Дмитрий Быков, заранее признавая бесплодность любых попыток преобразования нашей жизни, выводит себя от отчаяния и вины к свободе и преодолению — тем, что сосредоточивает свои надежды на «повседневной тактике частной порядочной жизни» (статья «Прекрасные утята»). Павлов в своих чаяниях, напротив, проявляет максимализм, говоря о необходимости и возможности преодолеть мировое зло. Но в масштабах победы над абсолютом зла Павлов бессилен, а на меньшее он не согласится. «В этой жизни <…> ничего хорошего совесть не позволяет русскому писателю углядеть»: если хоть в чем-то остался изъян, разве возможно для меня безупречное? — по сути, решает Павлов и сознательно обрекает себя на неизбывное личное покаяние за вину мирового несовершенства.
К теме статьи такое мировоззрение Павлова имеет прямое отношение. Эстетическое, этот зыбкий мираж иного мира, построенного на неметафорично зыбучей почве мира реального, помимо прочего требует от человека решимости на свободу и правоту. Красота, не сознающая в себе силы спасти мир, — жалкий марафет. Однако в книге Павлова мир уготовано спасти не Красоте, а Добру и Истине; свобода и правота отложены до лучших времен, когда можно будет снять с себя пост вины и покаяния. И, наконец, задуматься об излишнем. О том, что трудно уложить в предписания, в чем добро разглядит не каждый, чья истина хрупка перед требованиями злободневной правды. О том, без чего трудно представить литературную критику.
Но — беремся представить: Павлов в своих критических выступлениях открыто ополчается на эстетическое как план бытия литературы. «Художественное» и «духовное» в его глазах не просто разведены, но и не поровну поделили имущество. Духовное должно богатеть за счет художественного, свобода творчества хороша только «скованная (именно это слово из ряда синонимов — случайно ли? —
Знаковой в этом смысле представляется склонность Павлова придавать негативную оценочность самым нейтральным искусствоведческим понятиям. Слово «эстетическое» — частый гость на страницах книги Павлова, вот только гость нежеланный: появляется оно всегда в негативном контексте. Так же как понятие «стиля», которое Павловым воспринято как «гнетущее и опустошенное».
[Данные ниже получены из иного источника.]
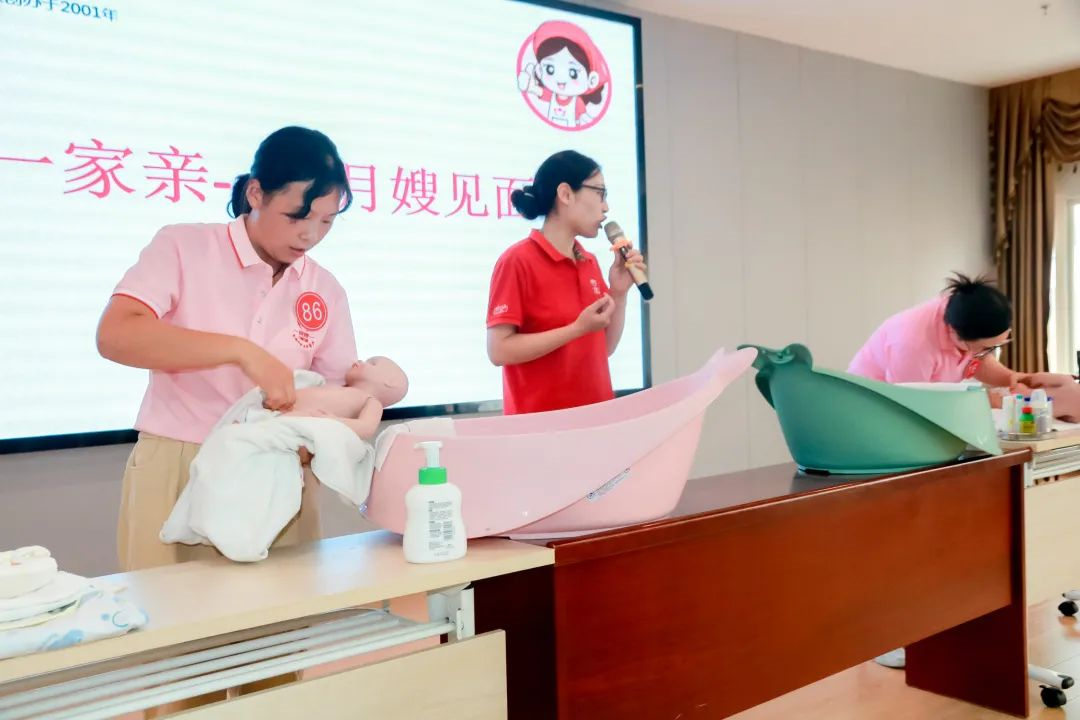 月嫂們現場演示了如何給新生兒洗澡、撫觸、沖調奶粉以及抱娃喂奶的正確姿勢等等。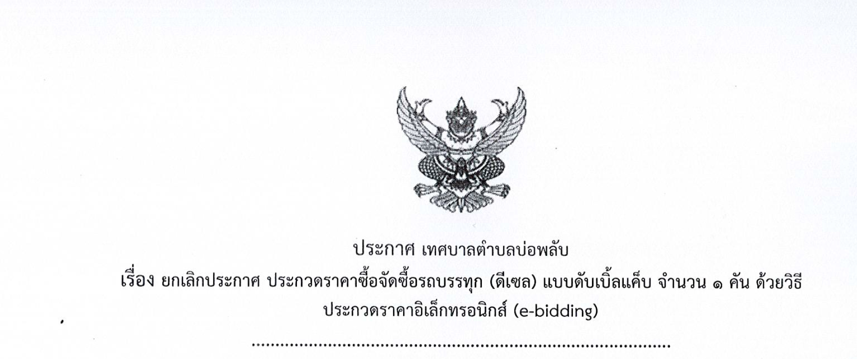 ประกาศเทศบาลตำบลบ่อพลับ เรื่องยกเลิกการประกาศประกวดราคาจัดซื้อรถบรรทุก (ดีเซล) แบบดับเบิ้ลแค็บ จำนวน ๑ คัน ด้วยวิธีประกวดราคาอิเล็กทรอนิกส์ (e-bidding)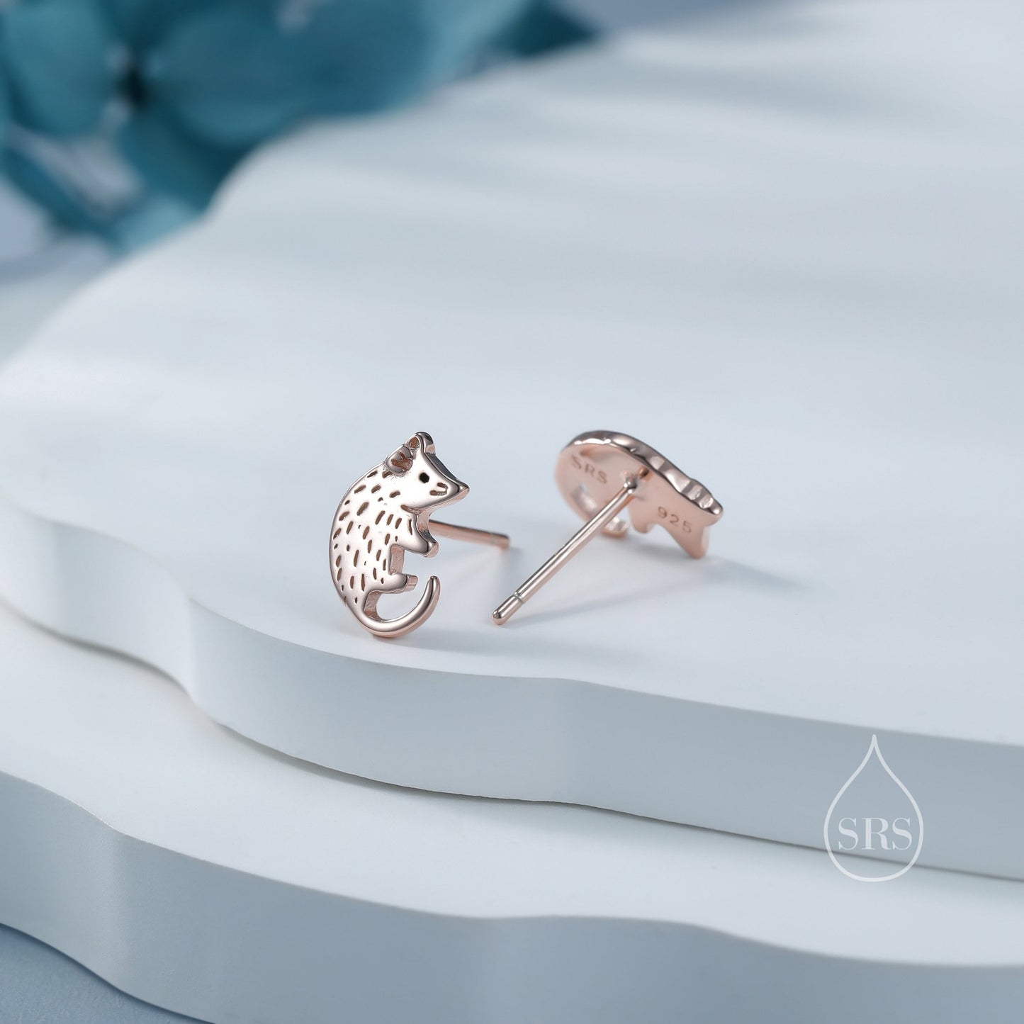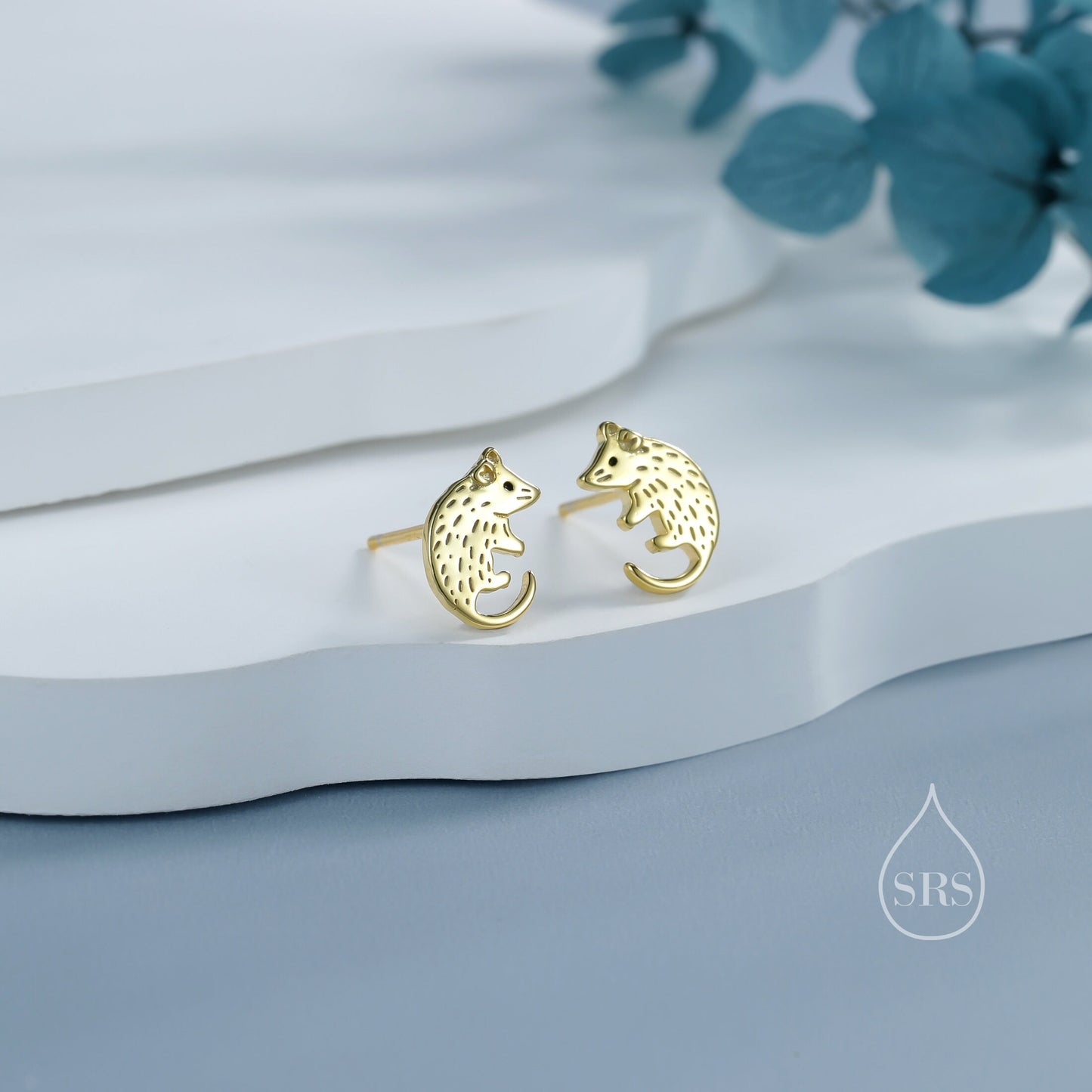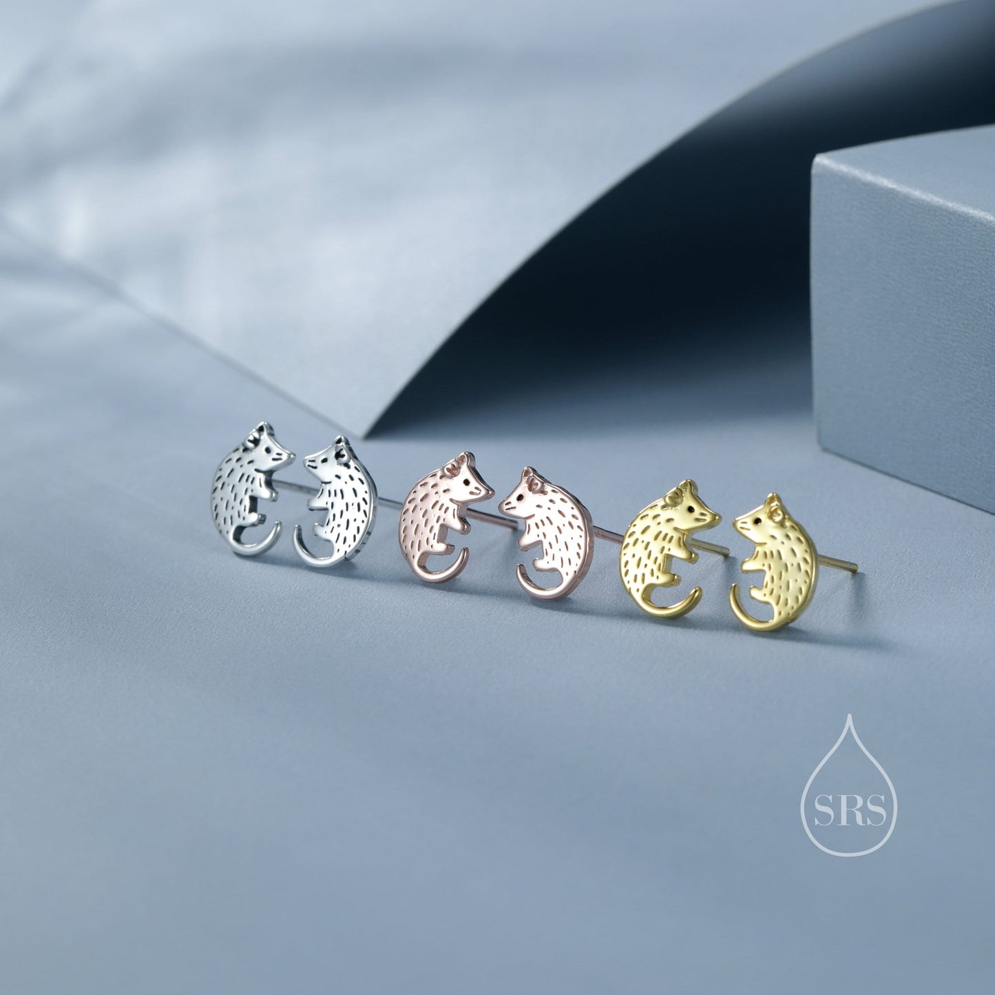 Tiny Opposum Stud Earrings in Sterling Silver, Silver or Gold or Rose Gold, Cute Opposum Mouse Earrings, Silver Rodent Earrings

Заявляя, что русская литература «всегда жила тем, что писательство понималось как долг нравственный», Павлов упускает из виду, что при всей нравственности ты не сможешь выполнить этот долг без художнической одаренности. Это как исполнять рыцарский долг без экипировки: доблесть зачтется, но сарацина голыми руками не возьмешь. Вот и в литературе форма и владение секретным приемом — единственный способ внушить писательские идеи читателю. Потому что на пути этих идей неизбежно встают два препятствия: неприступная скала вкуса и омут скуки. Оба эти понятия в статьях Павлова, в отличие от критики Быкова и Кобрина, не становятся аргументами. Параметры вкуса и не-скуки, как раз обеспечивающие доступность, внятность и привлекательность высказываемых писателем идей, в литературе, по Павлову, несущественны. Очевидно, ему кажется неприемлемой мысль о том, что читателя к добру и правде надо заманивать. Для Павлова принципиальна модель чтения как труда, «трудного разговора» с писателем о Вопросах. Поэтому «тяжелая» и «мучительная» — это позитивные эпитеты литературы. Но представление о серьезном чтении как труде — заблуждение, искажающее представление публики о читабельности «высокой» литературы. Из-за этого многие убеждены, что аудитория обращается к классической литературе или философским текстам только затем, чтобы решить вопросы, задуматься о вечном, не позволять душе лениться. Этот предрассудок упускает из виду один немаловажный нюанс: указанные задачи вовсе не исчерпывают блаженства и воодушевления, которые читатели определенного уровня развития умеют получать от серьезного чтения. Другое дело, что пресловутая серьезность в произведении может быть самого безвкусного, одиозного рода — и вот тогда чтение представляет для таких людей даже не труд, а настоящую трудность!